I recently told my friend Bill, in Alaska, that I was re-reading Jack Kerouac’s haiku. He remembered reading them and mentioned particularly liking one that had something to do with the uselessness of rain falling into the ocean. I consider that haiku among Jack’s best, so I decided to look it up to see exactly what it said. In addition to his Book of Haikus, I recalled Kerouac’s haiku appearing in a couple of other books that I own. I pulled them out and was surprised, actually astonished, to discover that the poem appears three different ways, with different punctuation and different line breaks, and it is in no way obvious which version, if any, represents what Kerouac actually wrote. Here they are. As all three books were published posthumously, we know Kerouac didn’t get to go over the proofs.
Useless, useless,
the heavy rain
Driving into the sea.
Scattered Poems, (City Lights, 1971) p. 73
Useless, useless,
heavy rain driving
into the sea!
Pomes All Sizes, (City Lights, 1992) p.61
Useless! useless!
--heavy rain driving
Into the sea
Book of Haikus, (Penguin, 2003) p. xxiii
For such a short poem, there are quite a number of discrepancies. In the Scattered Poems version, the line breaks after “rain” but in the other two versions it breaks after “driving.” The exclamations that appear in Pomes and Haikus are in different places. It makes me wonder if Jack would have ended a poem with an exclamation point. He might have. In the Haikus version, the line “Useless! useless!” carries a much different connotation than the line “Useless, useless.” To me the opening line without exclamation points suggest an acceptance of the facts, more in line with Kerouac’s much-espoused interest in Buddhism. The line with two exclamation points in Haikus connotes some different sort of emotion (frustration? exasperation? surprise?).
On the matter of indenting, again it’s 2 to 1, leaving us to wonder what’s written in the original little pocket notebook.
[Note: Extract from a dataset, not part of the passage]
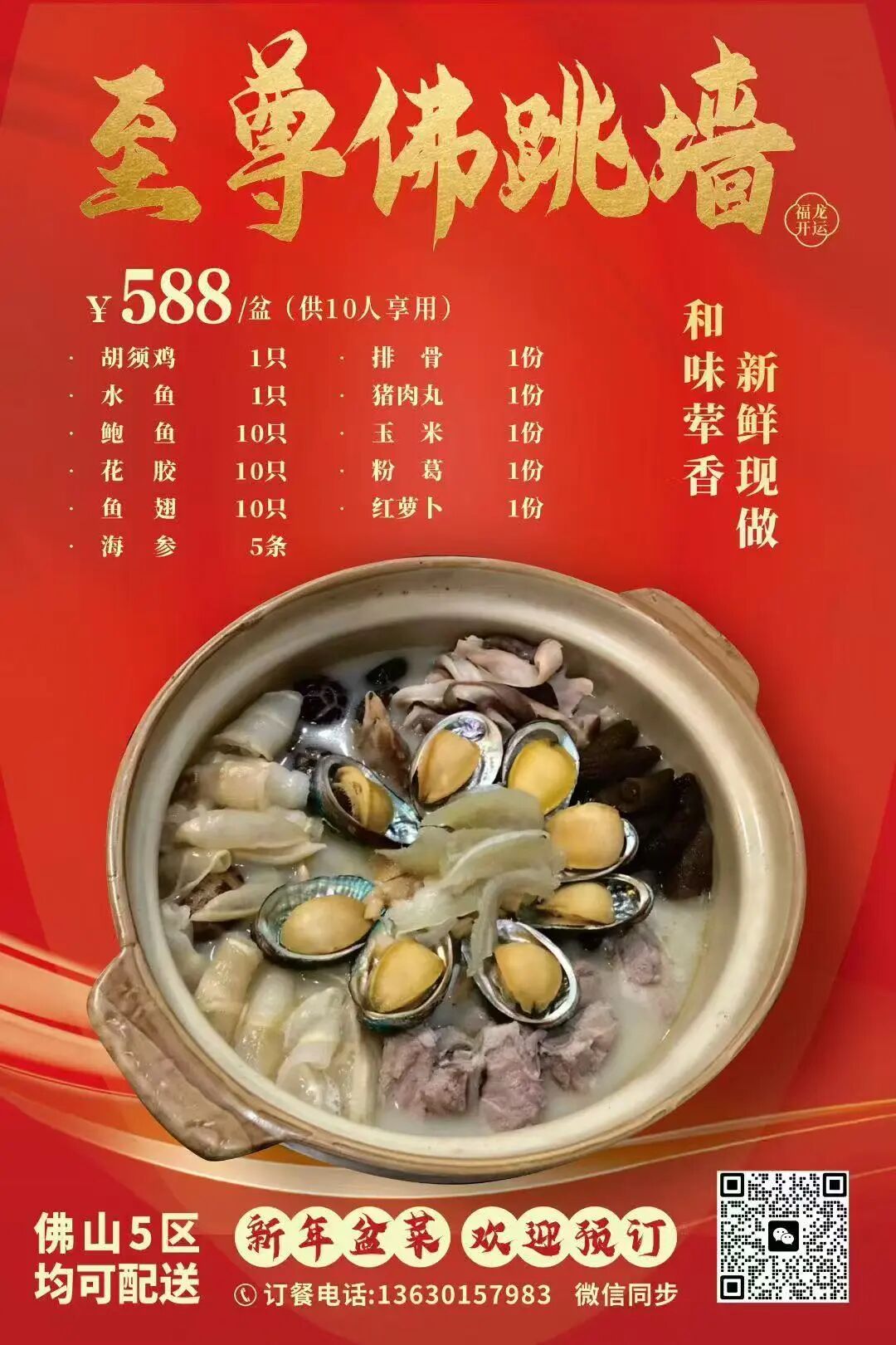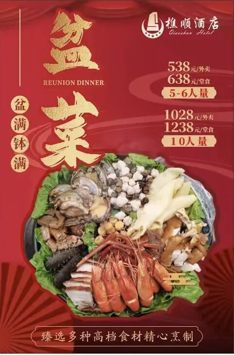 盆菜包含鲍鱼、花胶、蚝豉、玫瑰豉油鸡、美极大虾等健康食材,纯手工制作,足够10人食用。根据食材不同搭配,也可根据顾客需求私人定制,有688元、888元、988元、1038元价位可选。

A high proportion of the poems in Haikus have an indented second line (and the first letter of the first and third lines capitalized). Did Jack write them that way?
Of the three versions, I much prefer the one without exclamation points. They are rarely effective in poems and bring to mind an overly-romantic middle-schooler who dots “I”s with a heart. Given that the Scattered Poems version has the shortened second line I don’t mind the word “the” which does not appear in the other two.
By the way, note the ending punctuation—a period, an exclamation point, and nothing. This isn’t the only poem with authenticity issues, but we won’t know what Jack actually wrote until some interested scholar gets into those notebooks to see what’s written in his own penciled hand.